[Source records]
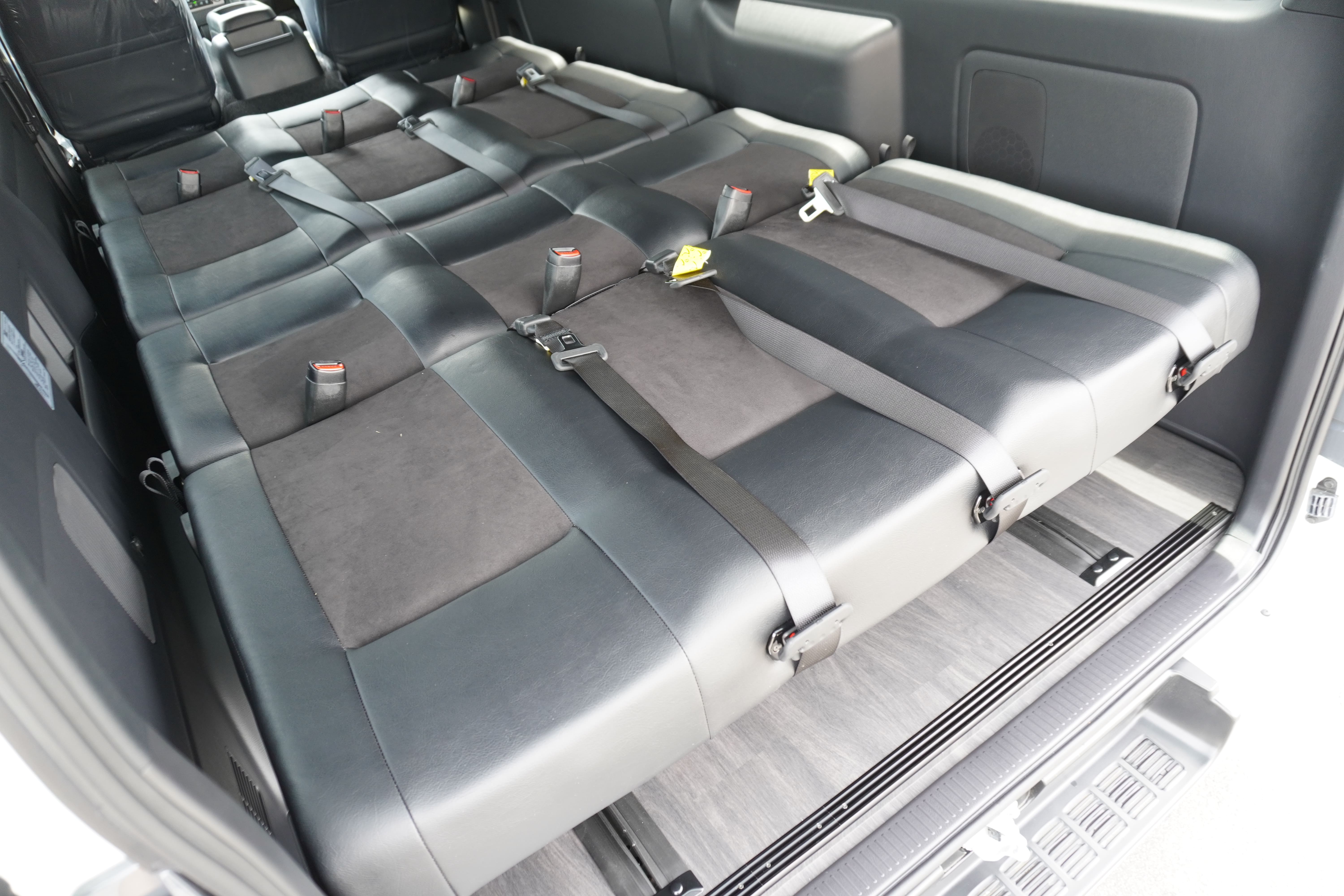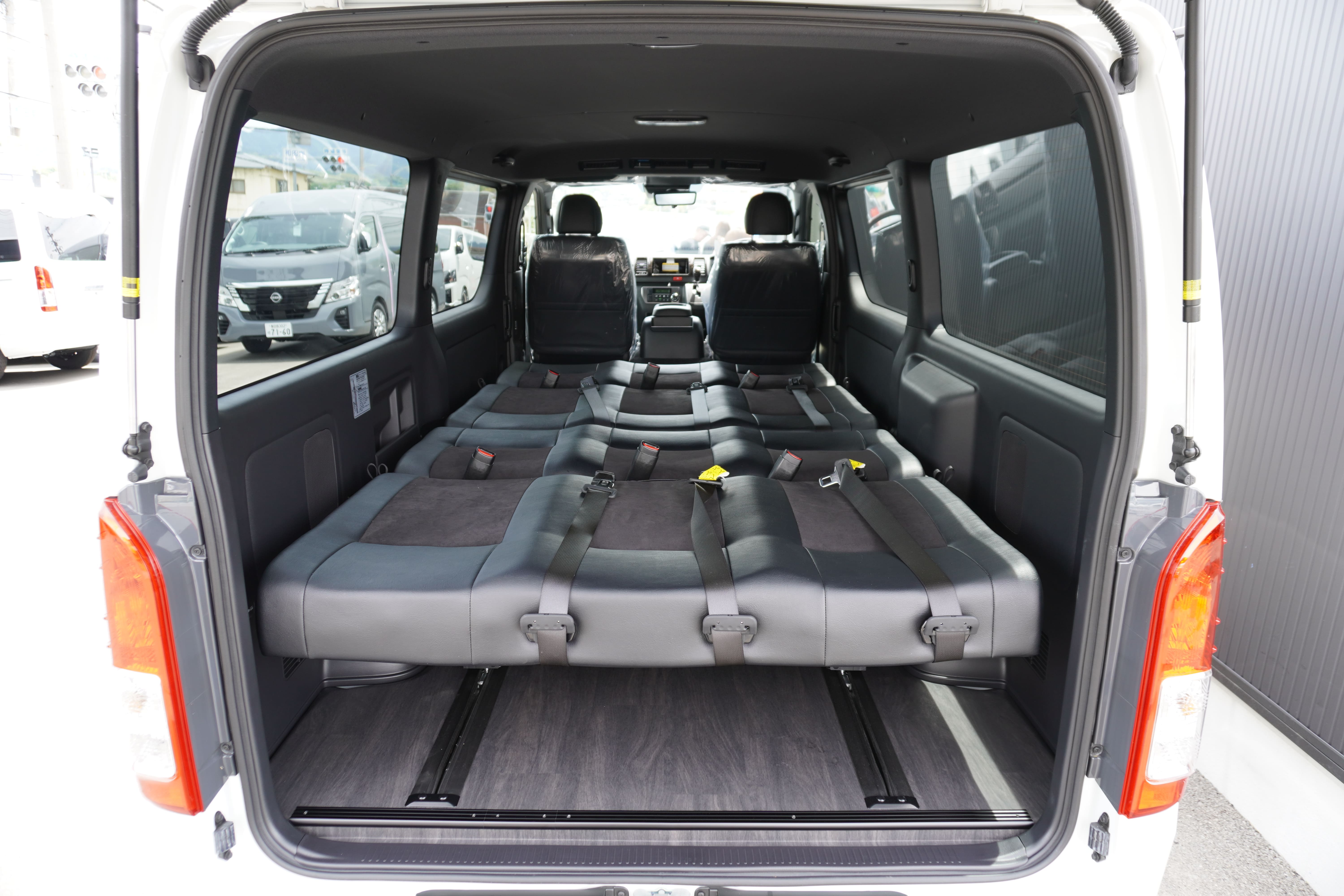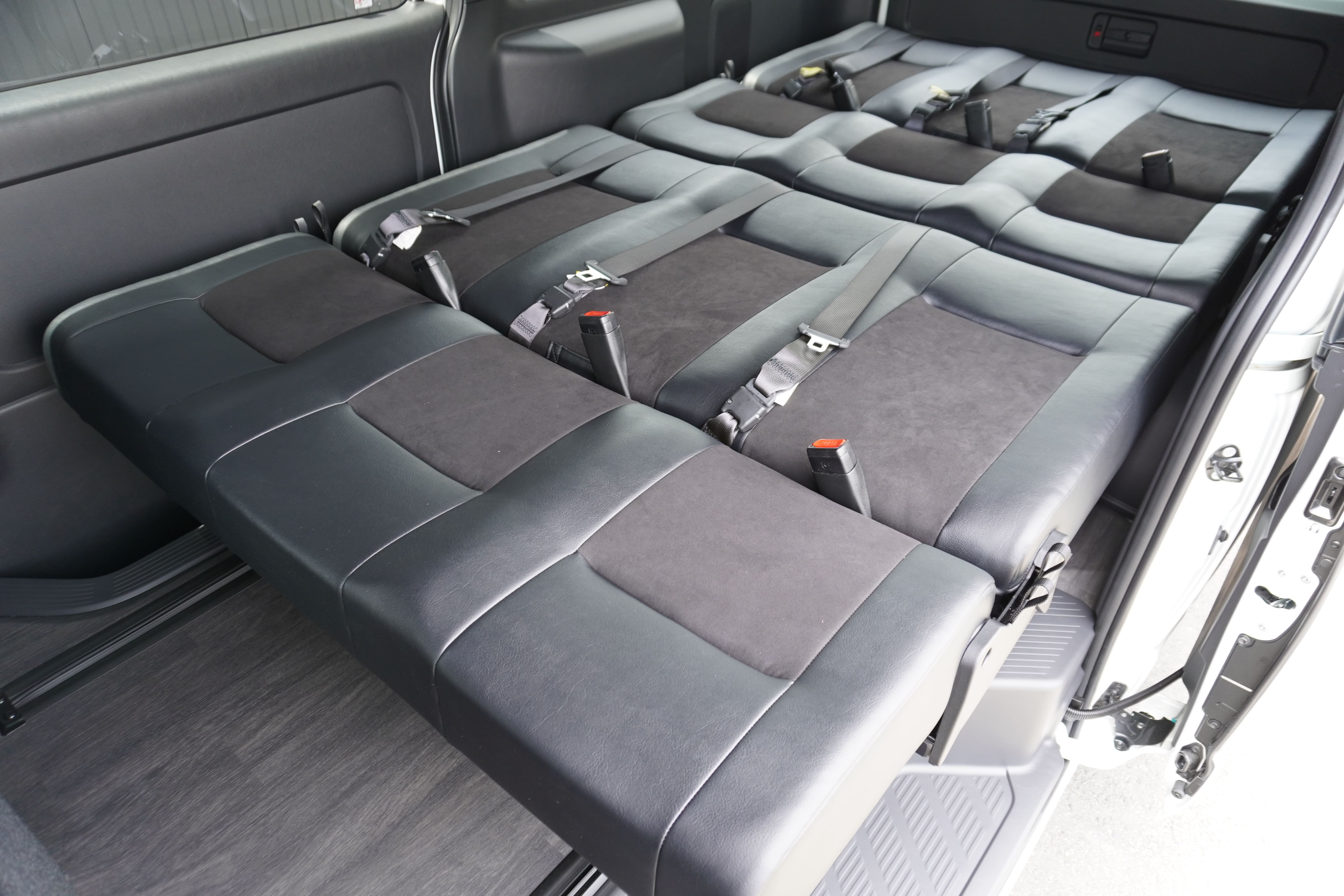 HOME > ギャラリー:IF-VR8/IF-SW8: REVOシート2脚1・4ナンバーのまま8人乗りor3・5ナンバー乗用車登録8人乗り > IF-SW8 200系ハイエースバンS-GLダークプライムU ナローボディー REVOシート2脚8人乗り施工
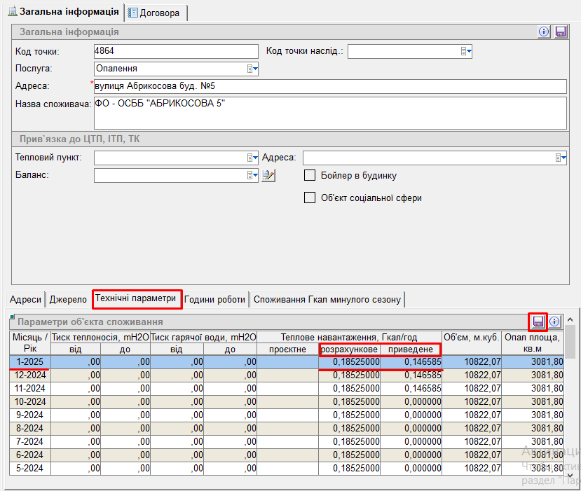 - натиснути кнопку для перегляду інформації про Об'єкт споживання:
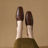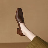 Women's Spring And Autumn New Medium Chunky Heel Soft Bottom Leather Shoes
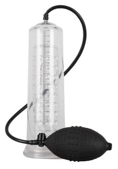 De penis, die met glijmiddel is ingewreven, wordt in de transparante cilinder geplaatst en stevig ingesloten door de zachte siliconenhuls bij de wortel. De handige pomp met geïntegreerd afvoerklepje zorgt voor een vacuüm en de transparante cilinder met de meetschaal geeft de respectievelijke grootte van de penis aan. Daarnaast wordt de penis gestimuleerd met een transparante siliconen hoes met noppen.
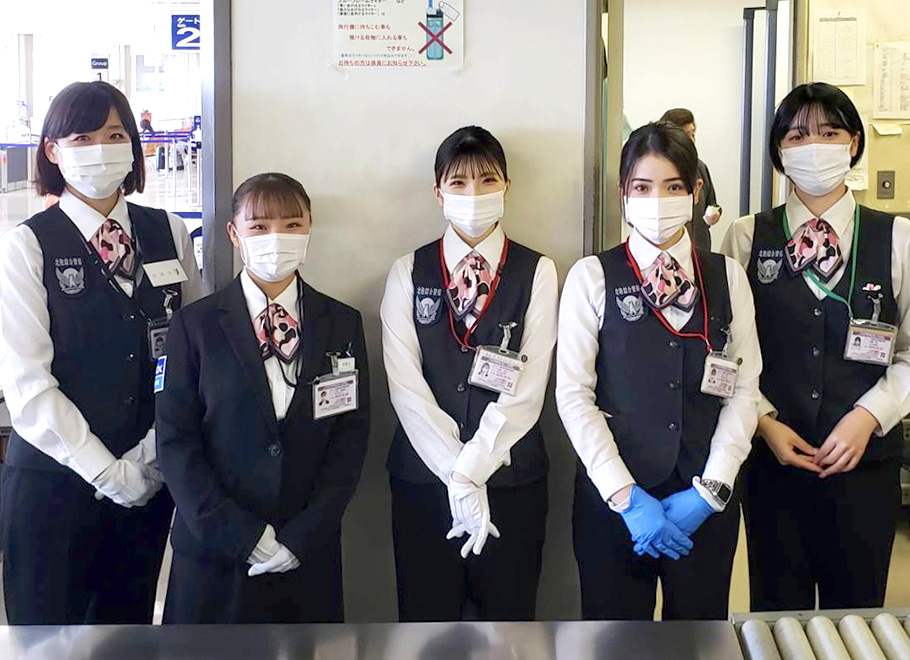 空港保安検査業務は、グループ会社で数少ない女性警備員が活躍する職場です。北陸綜合警備保障が警備する小松空港では、現在約20人が旅客および機内持込手荷物を検査する保安検査場、並びに預け入れ手荷物検査場で勤務しています。年齢は20代が最も多く、多士済々のメンバーが集う、忙しい中にも笑顔の絶えない活気ある職場です。2023年4月には、コロナ禍で運休が続いていた国際線が3年ぶりに一部再開となり、搭乗される方の安全で楽しい空の旅を確保するため、日々検査業務を遂行しています。
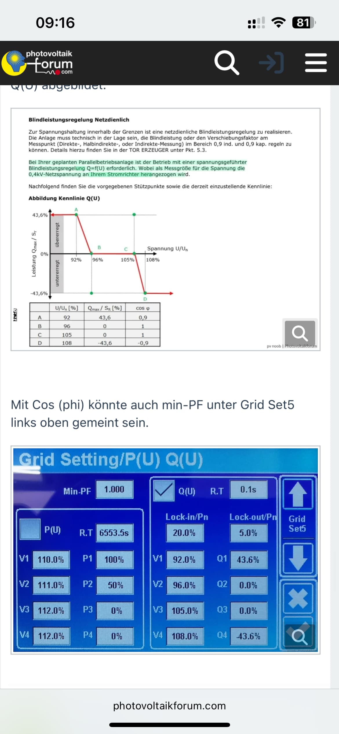 Ich bin mir nicht 100% sicher ob es beim Deye Sun 12k die Netzeinstellung V(Q) Blindleistung des WR vs. Netzspannung vgl. Mit Q(U) gemäß TAB, AR N 4105 ist?

DIRECTIONS: Please retype the records above exactly, excluding every picture.

ANSWER SPACE:
 HOME > ギャラリー:IF-VR8/IF-SW8: REVOシート2脚1・4ナンバーのまま8人乗りor3・5ナンバー乗用車登録8人乗り > IF-SW8 200系ハイエースバンS-GLダークプライムU ナローボディー REVOシート2脚8人乗り施工
 - натиснути кнопку для перегляду інформації про Об'єкт споживання:
 Women's Spring And Autumn New Medium Chunky Heel Soft Bottom Leather Shoes
 De penis, die met glijmiddel is ingewreven, wordt in de transparante cilinder geplaatst en stevig ingesloten door de zachte siliconenhuls bij de wortel. De handige pomp met geïntegreerd afvoerklepje zorgt voor een vacuüm en de transparante cilinder met de meetschaal geeft de respectievelijke grootte van de penis aan. Daarnaast wordt de penis gestimuleerd met een transparante siliconen hoes met noppen.
 空港保安検査業務は、グループ会社で数少ない女性警備員が活躍する職場です。北陸綜合警備保障が警備する小松空港では、現在約20人が旅客および機内持込手荷物を検査する保安検査場、並びに預け入れ手荷物検査場で勤務しています。年齢は20代が最も多く、多士済々のメンバーが集う、忙しい中にも笑顔の絶えない活気ある職場です。2023年4月には、コロナ禍で運休が続いていた国際線が3年ぶりに一部再開となり、搭乗される方の安全で楽しい空の旅を確保するため、日々検査業務を遂行しています。
 Ich bin mir nicht 100% sicher ob es beim Deye Sun 12k die Netzeinstellung V(Q) Blindleistung des WR vs. Netzspannung vgl. Mit Q(U) gemäß TAB, AR N 4105 ist?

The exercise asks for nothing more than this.